SOURCE MATERIAL:
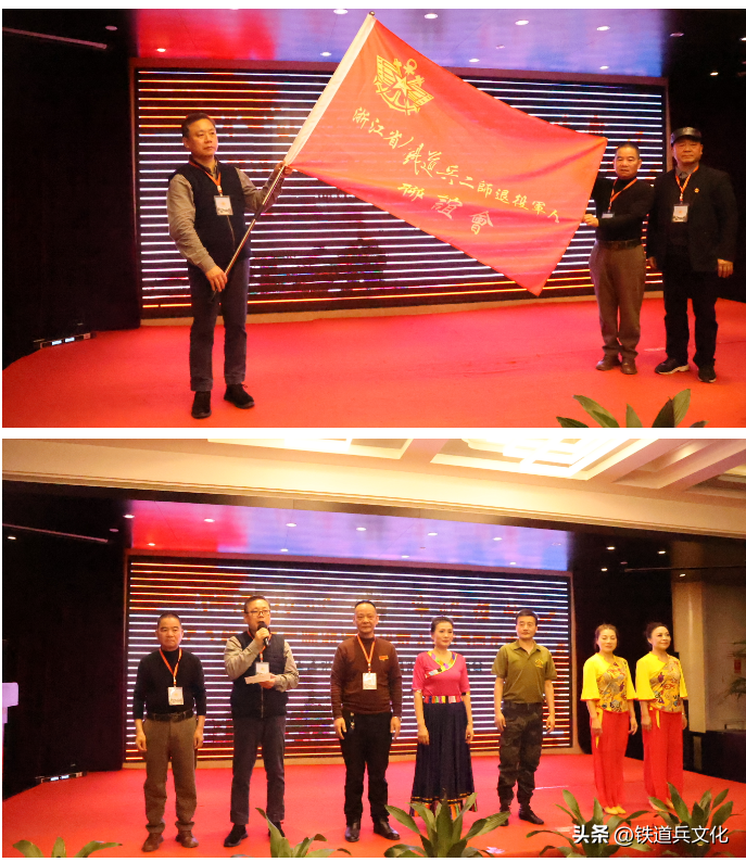 随后,铁二代代表单冲(原铁二师十团团长、铁二师副师长单宝平的次子)讲话,他代表家父祝贺大会圆满成功,并向大家问候。黑龙江战友高德林(原七团二营通讯班)、瑞安会长薛建光、嘉兴会长周福明、海宁秘书长茹建甫、桐乡战友王佩根、湖州战友姚林宝(浙江省作家)、安吉会长俞泽洪、嘉善秘书长张荣福、安吉战友严荣火(安吉白茶浙江省非物质文化遗产传承人,他向大会赞助了安吉白茶)、杭州战友何永静、富阳战友董德干(他为大会赞助了白酒和红酒)、温州战友李忠良(鹿城区卫生局的干部)等战友作了热情洋溢的发言。陈伟南会长宣布浙江省铁二师退役军人艺术团成立(团长张国松、副团长薛建光、李伟群。艺术总监:李和建、毛建红、冯红),并向艺术团成员授旗。同时宣布明年的浙江省铁道兵二师退役军人联谊会在富阳举行,并向富阳战友董德干交接了铁道兵二师退役军人联谊会的会旗。
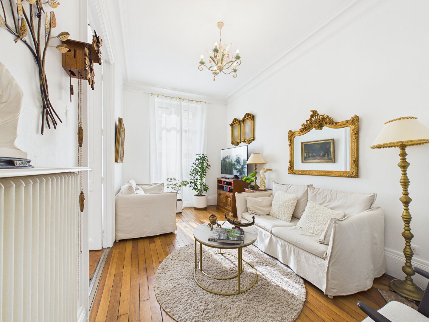 Situé en rez-de-chaussée surélevé d'un immeuble ancien, ce bien entièrement rénové a su préserver toute l'élégance de l'époque : parquet massif d'origine, boiseries, moulures raffinées, hauteur sous plafond de plus de 3 mètres et pas moins de 4 cheminées en marbre. Que de cachet !
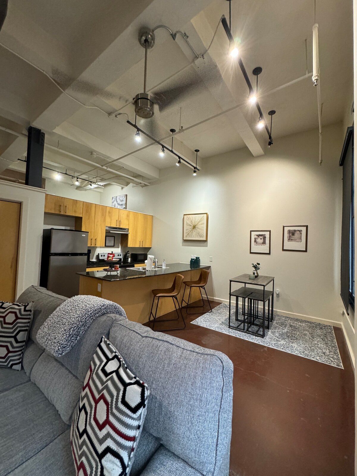 1 dormitorio, cama tamaño king + litera, 4 huéspedes Espacio y estilo a partes iguales. Este loft Kress tiene capacidad para 4 personas, con una cama tamaño king en la planta superior y una litera en la planta principal, y se caracteriza por sus altos techos de 6 metros (20 pies), una cocina gourmet con barra para desayunar y un sofá en forma de L ideal para relajarse. A una cuadra de Sundance Square. A tres del Centro de Convenciones. Arte de origen local en cada pared. La mejor manzana del centro de Fort Worth, con un estilo de vida auténtico.

ASSIGNMENT: Excluding pictures, print all lines above exactly.

TASK ANSWER:
 随后,铁二代代表单冲(原铁二师十团团长、铁二师副师长单宝平的次子)讲话,他代表家父祝贺大会圆满成功,并向大家问候。黑龙江战友高德林(原七团二营通讯班)、瑞安会长薛建光、嘉兴会长周福明、海宁秘书长茹建甫、桐乡战友王佩根、湖州战友姚林宝(浙江省作家)、安吉会长俞泽洪、嘉善秘书长张荣福、安吉战友严荣火(安吉白茶浙江省非物质文化遗产传承人,他向大会赞助了安吉白茶)、杭州战友何永静、富阳战友董德干(他为大会赞助了白酒和红酒)、温州战友李忠良(鹿城区卫生局的干部)等战友作了热情洋溢的发言。陈伟南会长宣布浙江省铁二师退役军人艺术团成立(团长张国松、副团长薛建光、李伟群。艺术总监:李和建、毛建红、冯红),并向艺术团成员授旗。同时宣布明年的浙江省铁道兵二师退役军人联谊会在富阳举行,并向富阳战友董德干交接了铁道兵二师退役军人联谊会的会旗。
 Situé en rez-de-chaussée surélevé d'un immeuble ancien, ce bien entièrement rénové a su préserver toute l'élégance de l'époque : parquet massif d'origine, boiseries, moulures raffinées, hauteur sous plafond de plus de 3 mètres et pas moins de 4 cheminées en marbre. Que de cachet !
 1 dormitorio, cama tamaño king + litera, 4 huéspedes Espacio y estilo a partes iguales. Este loft Kress tiene capacidad para 4 personas, con una cama tamaño king en la planta superior y una litera en la planta principal, y se caracteriza por sus altos techos de 6 metros (20 pies), una cocina gourmet con barra para desayunar y un sofá en forma de L ideal para relajarse. A una cuadra de Sundance Square. A tres del Centro de Convenciones. Arte de origen local en cada pared. La mejor manzana del centro de Fort Worth, con un estilo de vida auténtico.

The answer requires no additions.